Book Review: Are “Aggressive” Plants a Blessing or a Curse?

The purpose of plants is to make more plants. That is all they want to do. Gardeners sometimes frustrate, sometimes tolerate this will to reproduce.

Photo from
Photo from

Some plants are particularly successful in this endeavor. Oftentimes gardeners consider such plants mildly criminal. How often have we heard the word “thug” used in the context of the garden, as if Monardas were members of the Blackstone Rangers? (Confession: I have used this adjective on plants a few times myself.)

Plantiful, by Kristin Green, suggests a different point of view. She lays out how gardeners can collaborate with the botanical drive to reproduce.
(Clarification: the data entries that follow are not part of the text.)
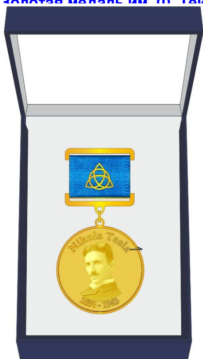
Золотая медаль им. Н. Тесла «За вклад в развитие техники и технологии»
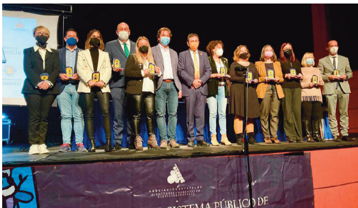
Premiados del XXVIII Congreso de la Asociación de Directores y Gerentes de Servicios Sociales

nes no periódicas, de naturaleza económica, destinadas a aquellas personas integradas en una unidad de convivencia cuyos recursos resulten insuficientes para hacer frente a gastos específicos, de carácter ordinario o extraordinario.
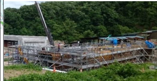
升形地区(新庄方面)
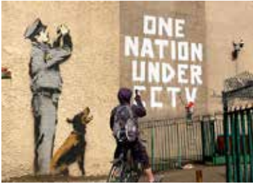
● ● ●, Banksy

wordt terughoudendheid te betrachten in individuele strafzaken, vindt bij de vervolging van belangrijkere zaken veel meer dan vroeger intensief overleg plaats met de top van het OM en het departement. De rechters maken zich de rationalisering ook eigen, streven ernaar zaken efficiënt en tijdig af te doen en geven gehoor aan de wens zich transparant op te stellen. 91 Ze benadrukken het belang van motivering in individuele zaken, formuleren kernwaarden, ontwikkelen professionele standaarden en werken aan hun communicatieve vaardigheden. 92 Rechters maken zich kortom druk over hun imago, ondanks dat rond de 65% van de bevolking blijkt geeft van (een groot) vertrouwen in de rechtspraak. 93 Met het streven naar efficiency en de zorg voor de beeldvorming verinnerlijken ze het beeld dat de justitiabelen hun klanten zijn. De eerste kritiek daarop is inmiddels te horen van de zijde van rechters die het belang van kwaliteit voorop stellen – kwaliteit is het onderwerp van de vergadering van de NJV van 2015, en een centraal thema van het Rapport Visitatie gerechten 2014. 94 Diezelfde beweging van efficiency en verzakelijking, via zorg om het imago naar nadruk op (vakmatige) kwaliteit zien we ook elders in de samenleving bij artsen, professoren en tal van andere professionals en bedrijfstakken.

This collaboration enables gardeners to create large, bountiful gardens at a greatly reduced cost.

kristin green
Kristin Green. Photo from

Green practices what she preaches. She works as a professional gardener at Blithewold Mansion, a non-profit, public garden in Rhode Island.

The book is divided in three parts – the first deals with plants that spread primarily by seed. The second covers plants that spread mainly through roots, rhizomes, stolons, and stems.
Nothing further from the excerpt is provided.